Za odbudową niepodległej Polski przemawiało szybkie umocnienie pozycji północnoamerykańskich Stanów Zjednoczonych. Po tym, jak Amerykanie podzielili Hiszpanię na kawałki, a następnie inteligentnie pośredniczyli w pojednaniu Rosji i Japonii, zarówno Ententa, jak i państwa centralne próbowały przeciągnąć ich na swoją stronę. Jednak nawet w 1914 r. żaden rozsądny polityk nie wyobrażał sobie, że zamiast koronacji w Krakowie czy Warszawie jednego z książąt europejskich, to właśnie z Białego Domu będą dyktowane warunki odbudowy Polski.

Obraz
Obraz

Głównym impulsem do niepodległości Polski, zgodnie z dobrą tradycją europejską, była rewolucja – w Rosji, a potem w Niemczech. Rosyjskiej „lutowej biurokracji” udało się przynajmniej zachować twarz, ponieważ obdarzywszy polskich braci autonomią, Prusakom nie pozwolono nawet na to – w Wersalu wręczono im po prostu „ustawę poznańską”.

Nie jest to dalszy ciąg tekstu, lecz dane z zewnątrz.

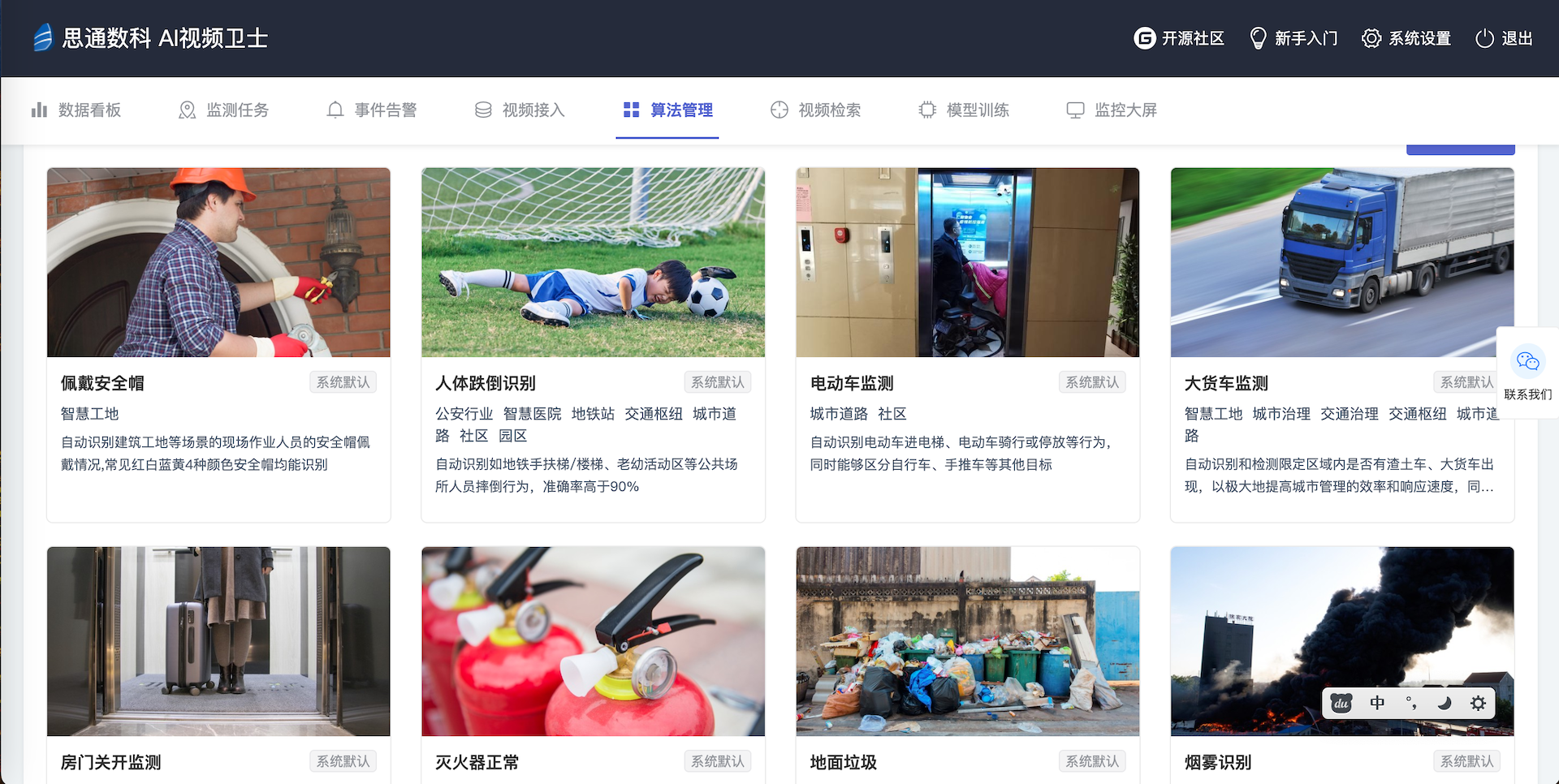 更多产品体验及相关信息,请访问思通数科官网算法商城的安全监控大模型。

A jednocześnie "oszlifowali" pierwotnie wolny Gdańsk do Gdańska i wymordowali niewielką część Prus Wschodnich do nowego dziedzictwa Pana Piłsudskiego. Potem natychmiast wzrosły apetyty głowy państwa polskiego i wyruszył na wojnę z Litwą, Białorusią i Czerwoną Rosją. Dostali go nawet spokojni Czesi ze Słowakami, od których Polacy chcieli odebrać Tyoszyn Śląsk. Ale to wszystko to zupełnie inny etap w historii Europy.

Notatki.

1. T. Bethmann-Hollweg, Refleksje o wojnie, Beachtungen zum Weltkriege, Bd. II, S. 91

2. B. von Bülow, Pamiętniki, M., 1935, s. 488

3. Cytowany. Clements K. Prezydentura Woodrowa Wilsona, Kansas, 1992, s. 73

4. Tamże, s. 28

5. VM Czernow, Przed burzą. Wspomnienia, pamiętniki. Mińsk, 2004, s. 294-295.